* **EXERCISE BRIEF**
All lines from the one bearing "倒入洋葱粒,大火快炒,炒出香味,炒到洋葱开始变软时" through the end of the data below must be printed exactly as they stand, with pictures removed.

* **EXERCISE DATA**
..........
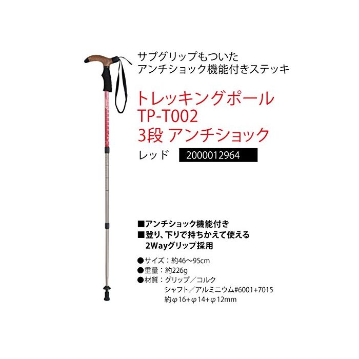 원본상품명: コルマン トレッキングポル TP-T002 3段 アンチショック レッド 2000012964
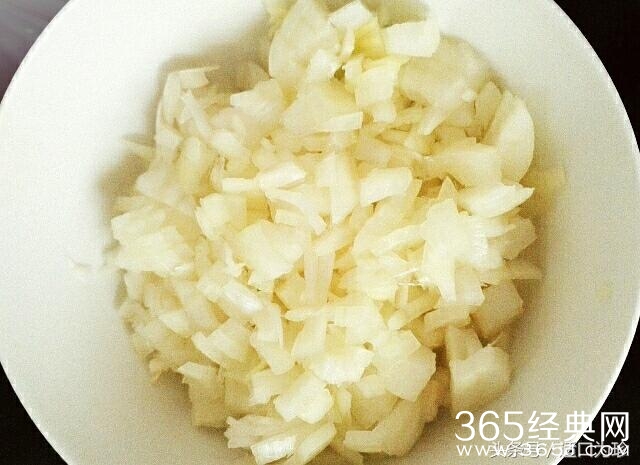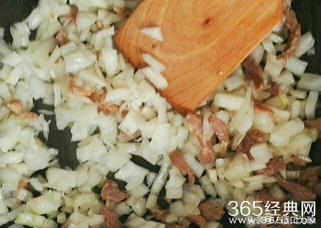 倒入洋葱粒,大火快炒,炒出香味,炒到洋葱开始变软时
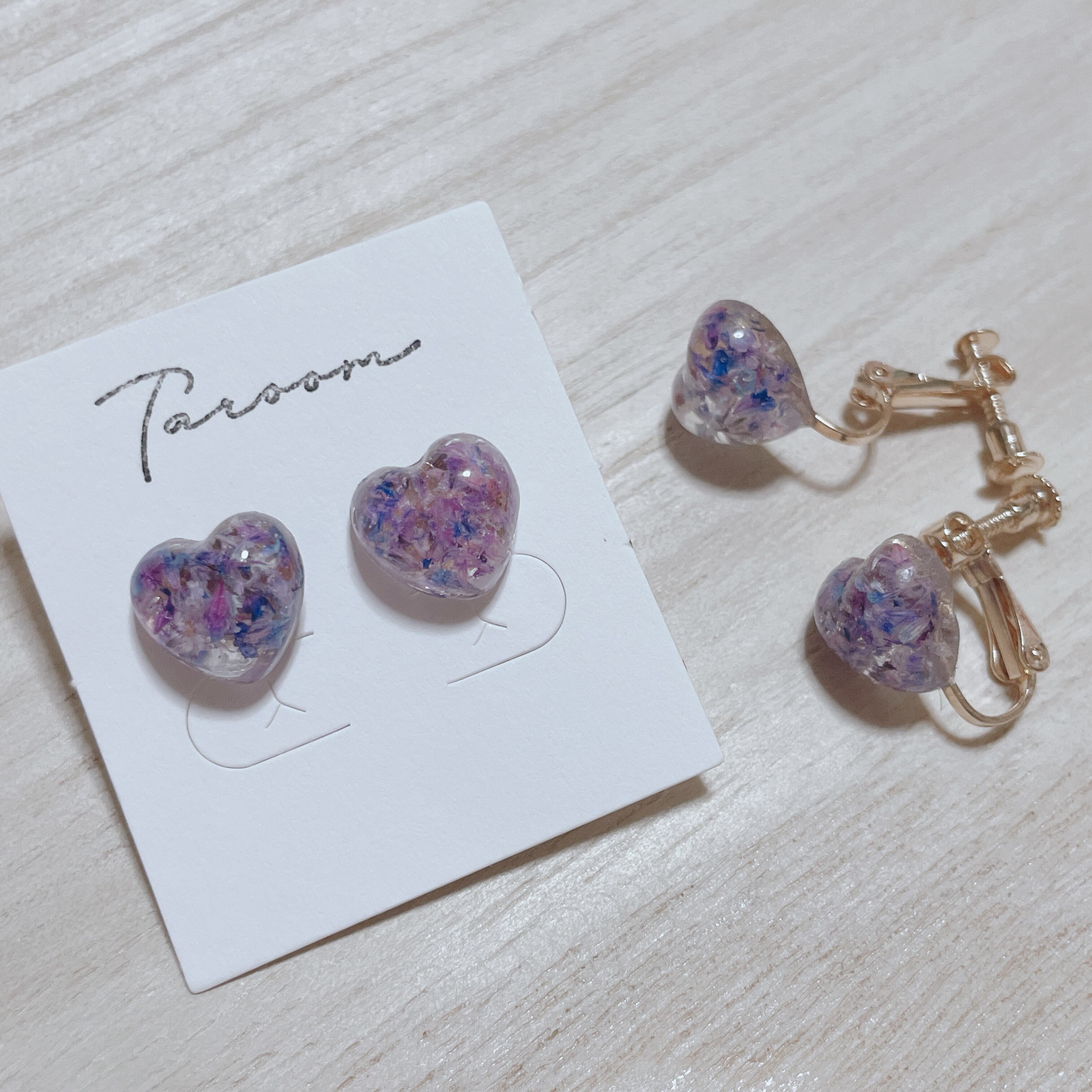 ハートピアス/イヤリング 紫陽花カラーの登場です!.*・゚
..........
* **RESULT FOR THIS TASK**
 倒入洋葱粒,大火快炒,炒出香味,炒到洋葱开始变软时
 ハートピアス/イヤリング 紫陽花カラーの登場です!.*・゚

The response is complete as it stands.